Wellingborough man jailed for role in 'The Dark Overlord' hacking group

A Wellingborough man has been sentenced to five years in federal prison after pleading guilty to conspiring to commit aggravated identity theft and computer fraud.

US District Judge Ronnie White for the Eastern District of Missouri sentenced Nathan Wyatt, 39, of Wellingborough who participated in a computer hacking collective known as 'The Dark Overlord,' which targeted victims in the St. Louis area beginning in 2016.

Wyatt was extradited from the UK to the Eastern District of Missouri in December 2019.

Judge White also ordered Wyatt to pay $1,467,048 in restitution.
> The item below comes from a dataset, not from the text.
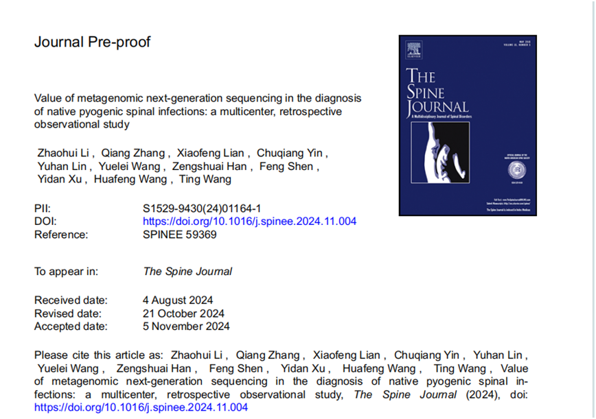 化脓性脊柱感染的致病菌诊断在临床治疗中至关重要。青大附院脊柱外科平病区主任王亭教授2024级硕士研究生李昭辉通过回顾性4家医院多中心研究,证实了二代宏基因组测序在鉴定原发化脓性脊柱感染病原菌方面的价值。该文章于11月发表在脊柱专业临床顶刊杂志《The Spine Journal》(中科院一区,IF=4.9)。青大附院脊柱外科平度病区2024级研究生李昭辉为第一作者,王亭教授为通讯作者。

Following sentencing this week, Acting Assistant Attorney General Brian C. Rabbitt of the Justice Department’s Criminal Division said: “Nathan Wyatt used his technical skills to prey on Americans’ private data and exploited the sensitive nature of their medical and financial records for his own personal gain.

"Today’s guilty plea and sentence demonstrate the department’s commitment to ensuring that hackers who seek to profit by illegally invading the privacy of Americans will be found and held accountable, no matter where they may be located.”

USAttorney Jeff Jensen of the Eastern District of Missouri said: "The Dark Overlord has victimised innumerable employers in the United States, many of them repeatedly.

“I am grateful to the victims who came forward despite ransom threats and to the prosecutors and agents who were the first to catch and punish a member of The Dark Overlord in the United States."

Special Agent in Charge Richard Quinn of the FBI’s St. Louis Field Office said: “Cyber hackers mistakenly believe they can hide behind a keyboard.

“In this case, the FBI demonstrated once again that it will impose consequences on cyber criminals no matter how long it takes or where they are located.”

Wyatt admitted that, beginning in 2016, he was a member of The Dark Overlord, a hacking group that was responsible for remotely accessing the computer networks of multiple U.S. companies without authorisation.

Victims in the Eastern District of Missouri included healthcare providers, accounting firms, and others.

Wyatt admitted that The Dark Overlord co-conspirators acted by obtaining sensitive data from victim companies, including patient medical records and personal identifying information, and then threatening to release the companies’ stolen data unless the companies paid a ransom of between $75,000 and $350,000 in bitcoin.

Wyatt further admitted that he participated in the conspiracy by creating, validating, and maintaining communication, payment, and virtual private network accounts that were used in the course of the scheme to, among other things, send threatening and extortionate messages to victims within the Eastern District of Missouri.

The investigation was conducted by the FBI’s St. Louis Field Office with support from the FBI’s Atlanta Field Office.

The Justice Department’s Office of International Affairs coordinated the extradition of Wyatt.

Law enforcement authorities in the UK, including the Metropolitan Police Service, have been thanked for their substantial assistance in the investigation.

Senior Counsel Laura-Kate Bernstein of the Criminal Division’s Computer Crime and Intellectual Property Section and Assistant U.S. Attorney Gwendolyn Carroll prosecuted the case.